Class action lawsuit filed against Tezos alleges fraud and breaches of securities law
Blockchain startup Tezos, which raised $233 million in an initial coin offering in July, is facing more difficulties as a class action lawsuit was filed against it and its founders, alleging fraud and breaches of U.S. securities law.
It’s the second lawsuit filed against it three weeks. The new lawsuit, filed in the U.S. District Court in Florida, alleges Tezos founders Arthur and Kathleen Breitman, Dynamic Ledger Solutions, the company behind the initial coin offering, and the Tezos Foundation, a Swiss-registered body established to promote the technology, sold unregistered securities in violation of federal and state securities laws.
Further, the lawsuit claims that the defendants fraudulently and deceptively marketing the sale of “Tezzies,” the token offered in the ICO, as equity investments when they were instead filed as charitable contributions, allowing the defendants to pocket “tens of millions of dollars” for themselves. The previous lawsuit, filed Oct. 25, made similar claims, alleging that the initial coin offering violated securities laws and defrauded participants.

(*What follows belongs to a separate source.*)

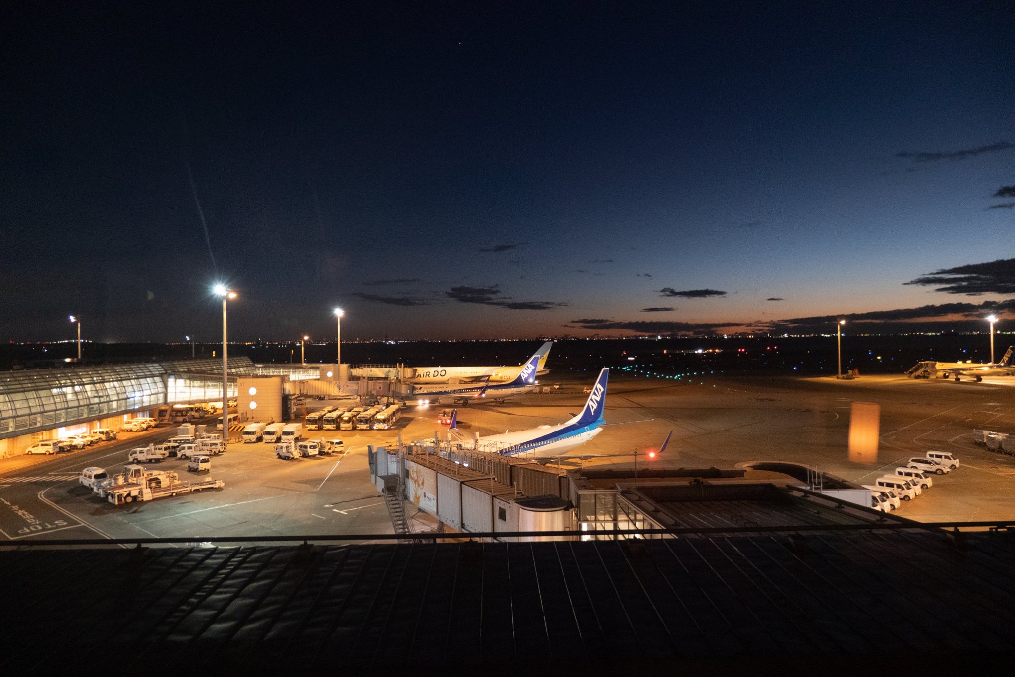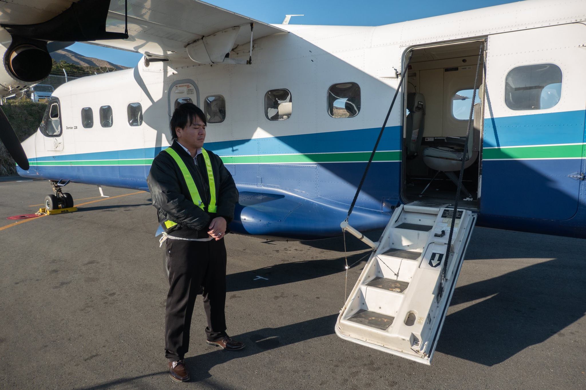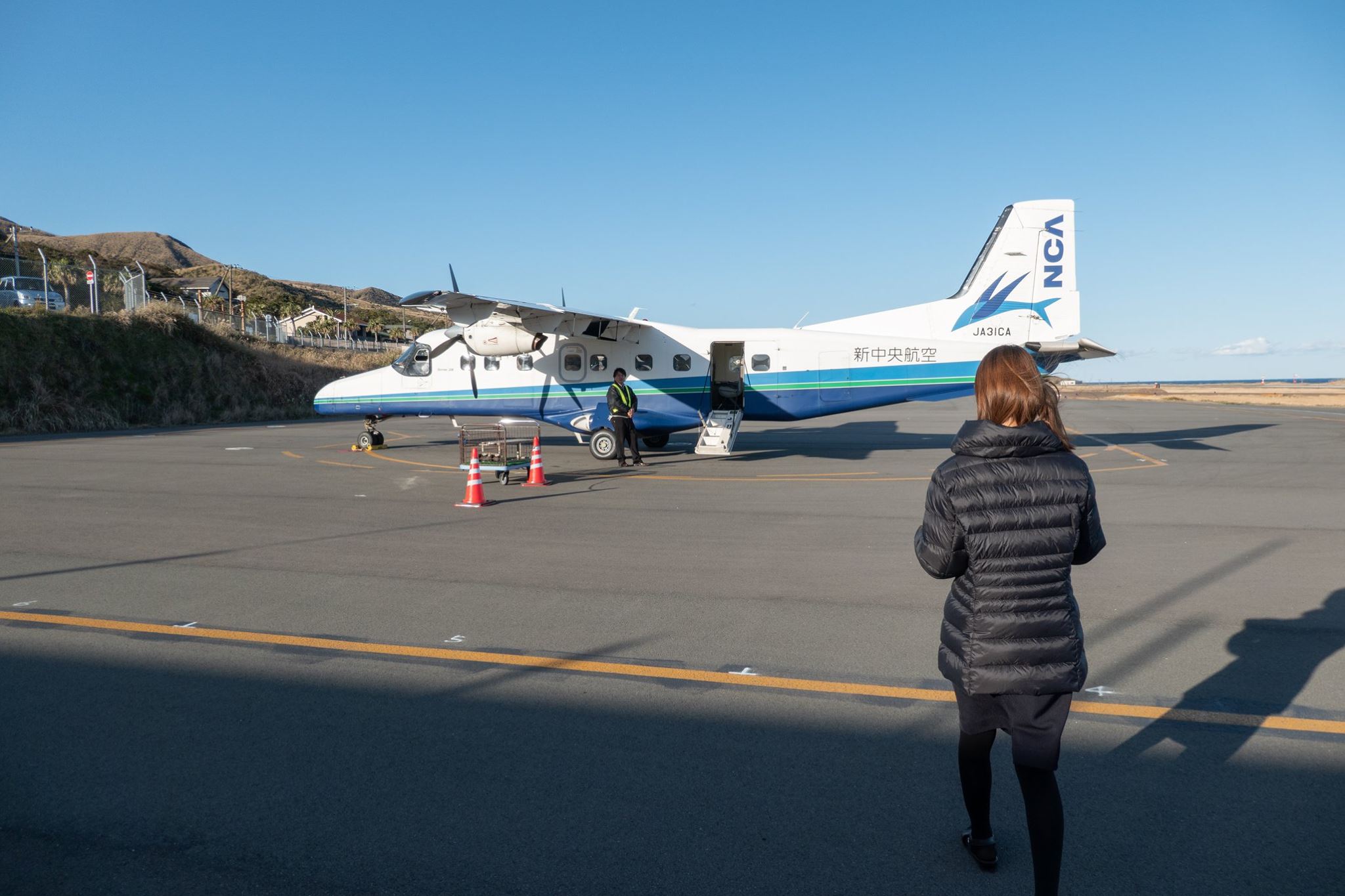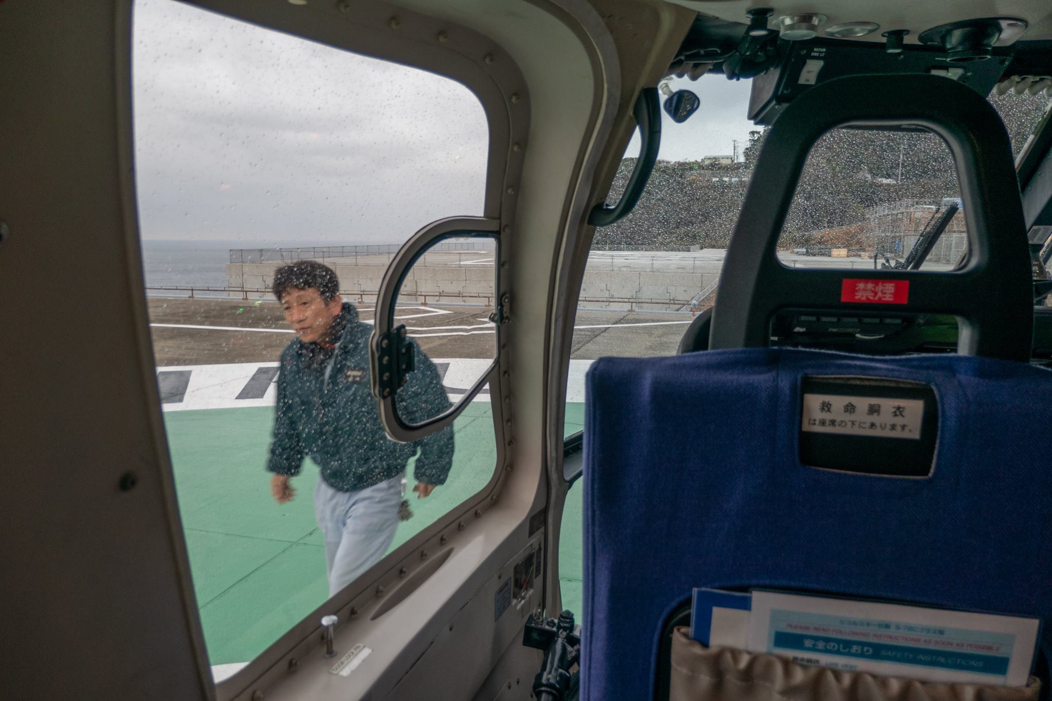 09:00の東京行きANA便の搭乗が完了した後、通常の手荷物検査場を通って、待合室へ進み、階段から滑走路へ下りてヘリに搭乗。このヘリの中から、宿も、「日本中の夜空を見て回っている」という、変わった御夫婦と一緒だった。

Both come as the company itself continues to implode from infighting among its founders and supporters that was first revealed Oct. 19. That battle involves a dispute between founders Arthur and Kathleen Breitman and Johann Gevers, president of the Tezos Foundation.

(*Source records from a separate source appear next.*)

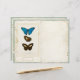 Vintage junk journal page with blue and brown butterfly scientific illustration on the front and brown butterfly illustration on the back. French drawings and annotations. Teal paisley background and parchment pages with gold labels, tape and stitching details in the centre. Fold in half to make journal pages.
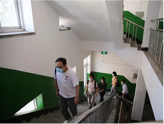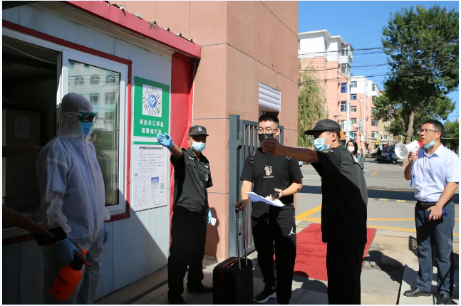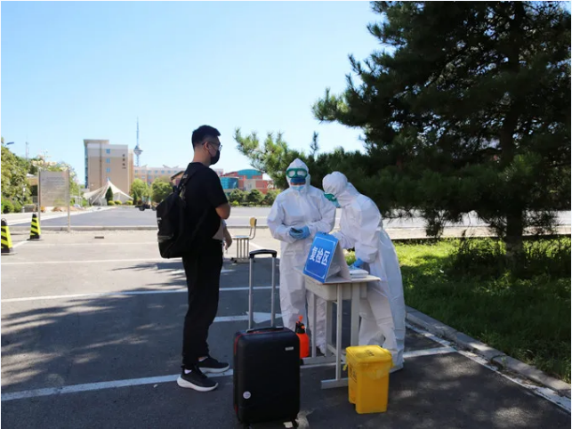 学生公寓已实施全面预防性消毒,学生完成校门报到流程,持体检合格证,沿规定路线来到公寓报到处,在楼门外间隔1米等候。公寓负责人查验 “辽事通健康通行码”和“国务院客户端防疫行程卡”、复测体温、进行休整期管理和卫生知识宣教,放行学生进入宿舍。
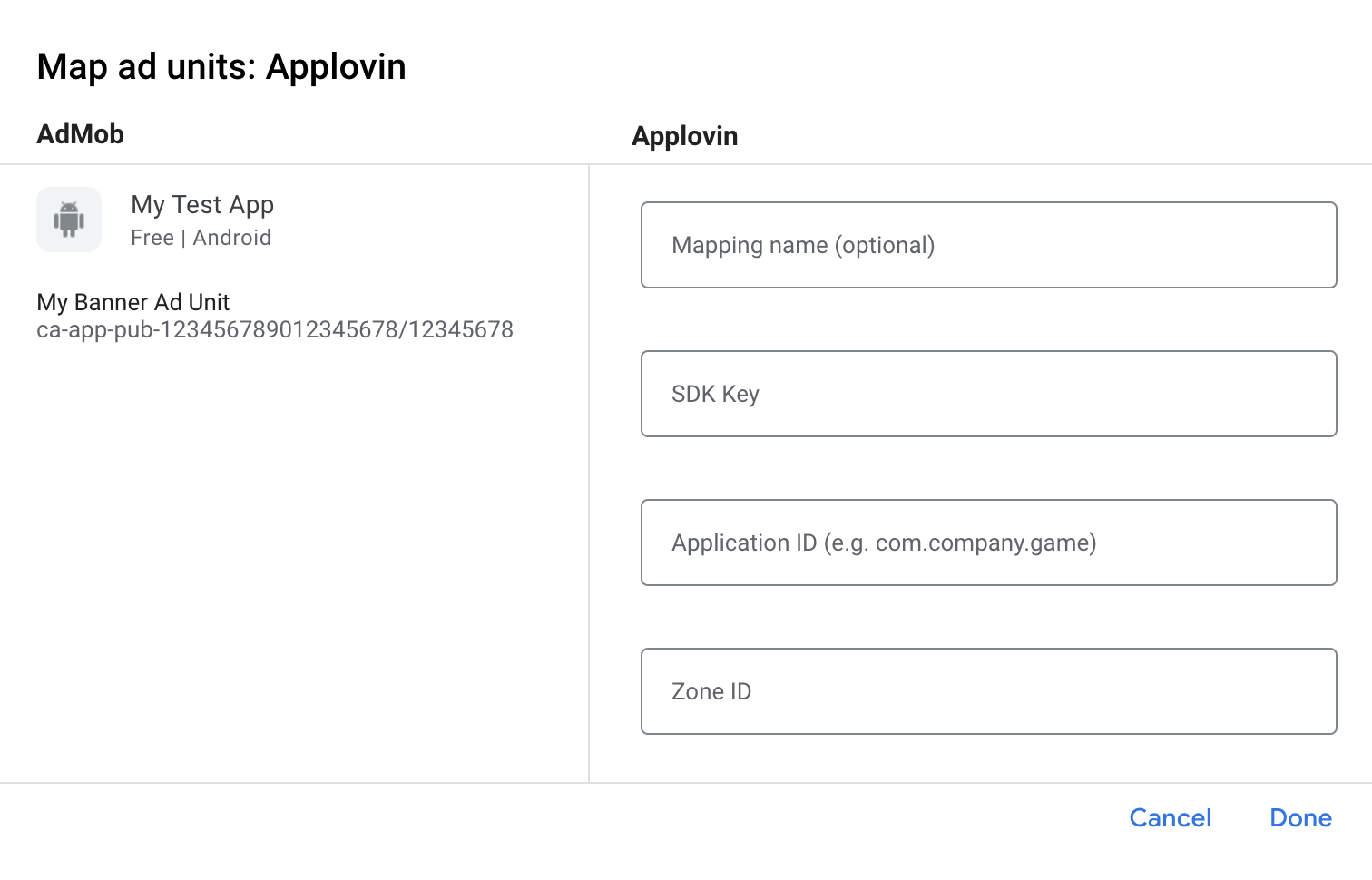 Next, enter the Application ID of your app along with the SDK Key and the Zone ID obtained in the previous section. Then click Done.
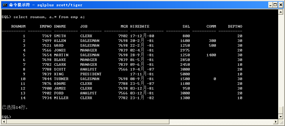 Oracle提供了rownum,rownum是一個(gè)隱含的(查詢結(jié)果集)字段,rownum是一個(gè)行號(hào),從1開(kāi)始。

The Breitmans are demanding that Gevers be removed from his role because of alleged “self-dealing, self-promotion and conflicts of interest” and that they instead should be given a position on the foundation board, while Gevers claims that the Breitman’s are part on “an illegal coup” on his position at the foundation and that they have been trying to control the foundation as if it were their own private entity by bypassing the foundation’s legal structure and interfering with management and operations.
Publicly addressing the dispute Oct. 25 at the Money 20/20 financial technology conference in Las Vegas, the Breitmans went out of their way to reassure attendees, which included some Tezos investors, that the company’s $232 million digital coin offering will overcome the latest difficulties. Kathleen Breitman said that “there’s not any critical jeopardy to the project,” and that while the dispute “stinks,” they believe it will “blow over.”
With two lawsuits now filed and potentially more on their way, it’s highly unlikely that the drama involving the company will be blowing over anytime soon.